■ TRY IT: Transcribe the data exactly, pictures excluded.

[Data extracted from a collection]
--*--
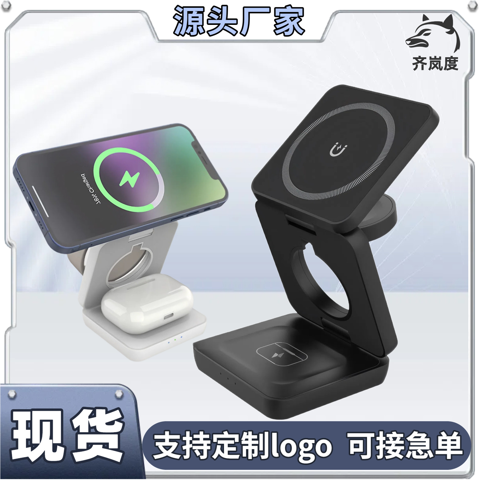 现货桌面三合一磁吸无线充电器底座快充折叠式手机支架15W充电站
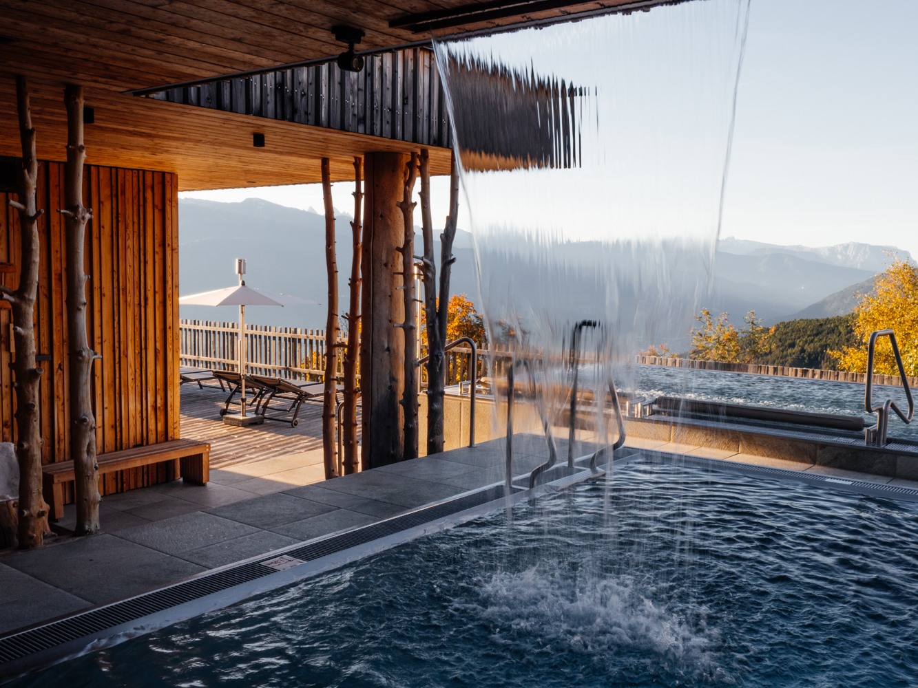 Der Tratterhof liegt am Eingang zum idyllischen Altfasstal und am Fuße der Pfunderer Berge, eignet sich aber durch seine Lage zwischen Eisacktal und Pustertal für vielfältige Erkundungen in der Region. Im Prinzip muss man das Hotel aber gar nicht groß verlassen, um einen gelungenen Urlaub zu verbringen. Zum einen lässt das weite Panorama von dem auf 1.500 Metern an einem sonnigen Hang gelegenen Haus manch ein Gipfelaussicht erblassen. Und zum anderen wartet im Tratterhof ein rund 4.000 m² großer Wellnessbereich auf seine Gäste, der nun wirklich keine Entpannungswünsche mehr offenlässt. Dank der zwei Infinity-Pools lassen sich Aussicht und Entspannung bestens miteinander verbinden. Besonders beliebt sind auch die Aufgüsse, die zweimal täglich in der Outdoor-Erlebnis-Sauna stattfinden. Der große Wellness-Bereich ist Erwachsenen vorbehalten, es gibt aber auch Pools, eine Sauna und mehr für Familien mit Kindern.
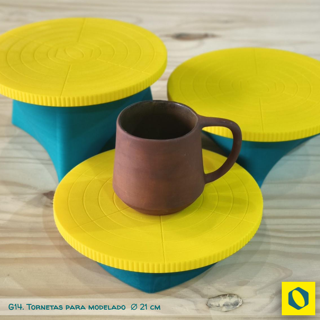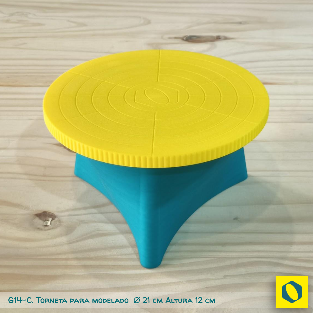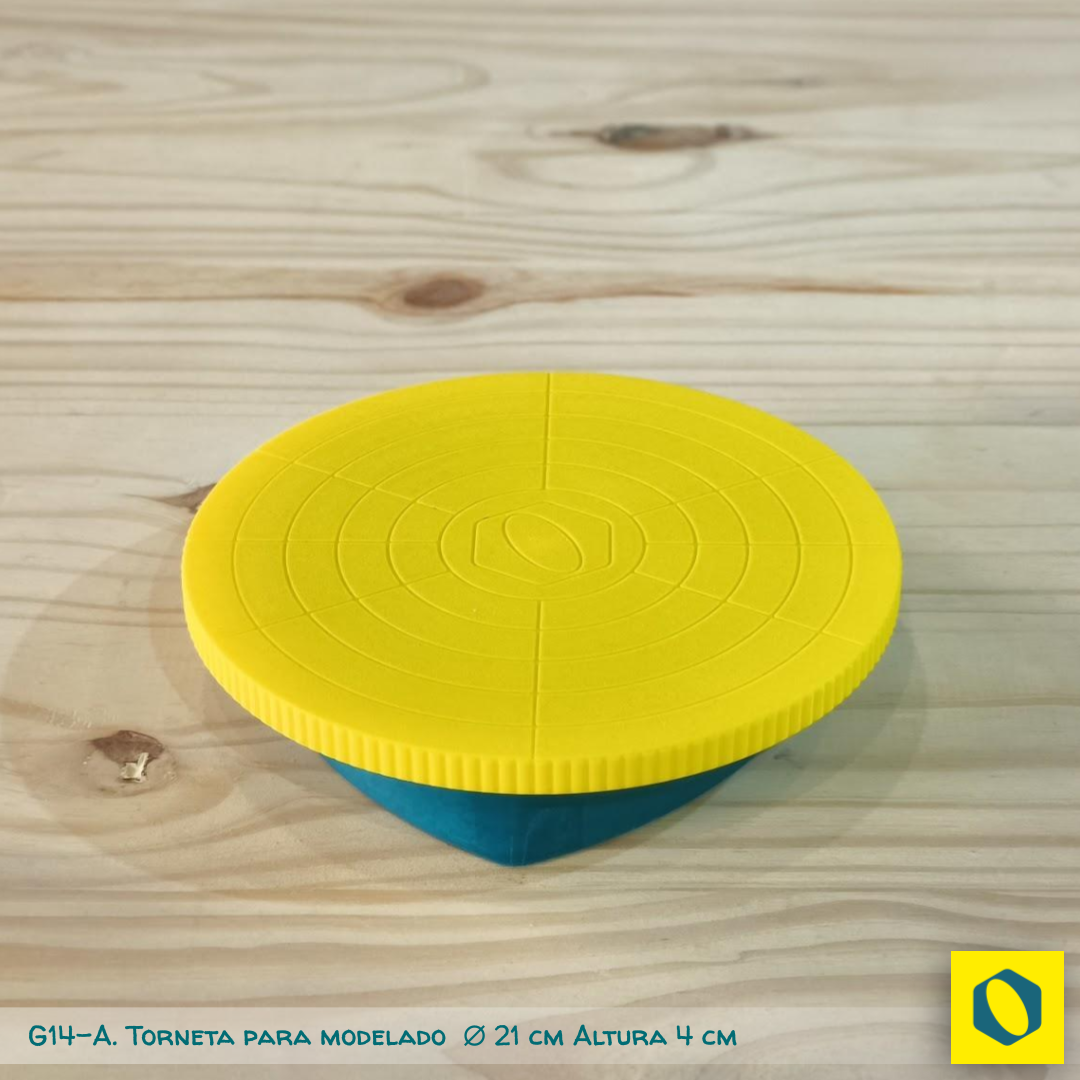 Cuando modelás, esgrafiás o decorás no querés que tu pieza se mueva con el más mínimo impulso pero sí querés que gire suave y establemente. Ese es el comportamiento de esta torneta sin eje ni rodamiento que gira sobre bolillas de acero ubicadas entre la base y la platina.
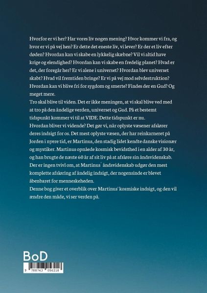 Hvorfor er vi her? Har vores liv nogen mening? Hvor kommer vi fra, og hvor er vi på vej hen? Er dette det eneste liv, vi lever? Er der et liv efter døden? Hvordan kan vi skabe en lykkelig skæbne? Vil vi altid have krige og elendighed? Hvordan kan vi skabe en fredelig planet? Hvad er det, der foregår her? Er vi alene i universet? Hvordan blev universet skabt? Hvad vil fremtiden bringe? Er vi på vej mod selvdestruktion? Hvordan kan vi blive fri for sygdom og smerte? Findes der en Gud? Og meget mere. Tro skal blive til viden. Det er ikke meningen, at vi skal blive ved med at tro på den åndelige verden, universet og Gud. På et bestemt tidspunkt kommer vi til at VIDE. Dette tidspunkt er nu. Hvordan bliver vi vidende? Det gør vi, når oplyste væsener afslører deres indsigt for os. Det mest oplyste væsen, der har reinkarneret på Jorden i nyere tid, er Martinus, den stadig lidet kendte danske visionær og mystiker. Martinus opnåede kosmisk bevidsthed i en alder af 30 år, og han brugte de næste 60 år af sit liv på at afsløre sin åndsvidenskab. Der er ingen tvivl om, at Martinus¿ åndsvidenskab udgør den mest komplette afsløring af åndelig indsigt, der nogensinde er blevet åbenbaret for menneskeheden. Denne bog giver et overblik over Martinus' kosmiske indsigt, og den vil ændre den måde, vi ser verden på.
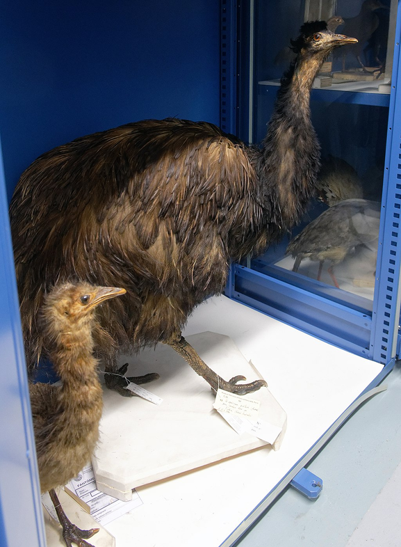King Island emu (Dromaius novaehollandiae minor) in the collections of the French National Museum of Natural History. The chick is likely a mainland emu.
--*--
■ EXERCISE RESULT:
 现货桌面三合一磁吸无线充电器底座快充折叠式手机支架15W充电站
 Der Tratterhof liegt am Eingang zum idyllischen Altfasstal und am Fuße der Pfunderer Berge, eignet sich aber durch seine Lage zwischen Eisacktal und Pustertal für vielfältige Erkundungen in der Region. Im Prinzip muss man das Hotel aber gar nicht groß verlassen, um einen gelungenen Urlaub zu verbringen. Zum einen lässt das weite Panorama von dem auf 1.500 Metern an einem sonnigen Hang gelegenen Haus manch ein Gipfelaussicht erblassen. Und zum anderen wartet im Tratterhof ein rund 4.000 m² großer Wellnessbereich auf seine Gäste, der nun wirklich keine Entpannungswünsche mehr offenlässt. Dank der zwei Infinity-Pools lassen sich Aussicht und Entspannung bestens miteinander verbinden. Besonders beliebt sind auch die Aufgüsse, die zweimal täglich in der Outdoor-Erlebnis-Sauna stattfinden. Der große Wellness-Bereich ist Erwachsenen vorbehalten, es gibt aber auch Pools, eine Sauna und mehr für Familien mit Kindern.
 Cuando modelás, esgrafiás o decorás no querés que tu pieza se mueva con el más mínimo impulso pero sí querés que gire suave y establemente. Ese es el comportamiento de esta torneta sin eje ni rodamiento que gira sobre bolillas de acero ubicadas entre la base y la platina.
 Hvorfor er vi her? Har vores liv nogen mening? Hvor kommer vi fra, og hvor er vi på vej hen? Er dette det eneste liv, vi lever? Er der et liv efter døden? Hvordan kan vi skabe en lykkelig skæbne? Vil vi altid have krige og elendighed? Hvordan kan vi skabe en fredelig planet? Hvad er det, der foregår her? Er vi alene i universet? Hvordan blev universet skabt? Hvad vil fremtiden bringe? Er vi på vej mod selvdestruktion? Hvordan kan vi blive fri for sygdom og smerte? Findes der en Gud? Og meget mere. Tro skal blive til viden. Det er ikke meningen, at vi skal blive ved med at tro på den åndelige verden, universet og Gud. På et bestemt tidspunkt kommer vi til at VIDE. Dette tidspunkt er nu. Hvordan bliver vi vidende? Det gør vi, når oplyste væsener afslører deres indsigt for os. Det mest oplyste væsen, der har reinkarneret på Jorden i nyere tid, er Martinus, den stadig lidet kendte danske visionær og mystiker. Martinus opnåede kosmisk bevidsthed i en alder af 30 år, og han brugte de næste 60 år af sit liv på at afsløre sin åndsvidenskab. Der er ingen tvivl om, at Martinus¿ åndsvidenskab udgør den mest komplette afsløring af åndelig indsigt, der nogensinde er blevet åbenbaret for menneskeheden. Denne bog giver et overblik over Martinus' kosmiske indsigt, og den vil ændre den måde, vi ser verden på.
King Island emu (Dromaius novaehollandiae minor) in the collections of the French National Museum of Natural History. The chick is likely a mainland emu.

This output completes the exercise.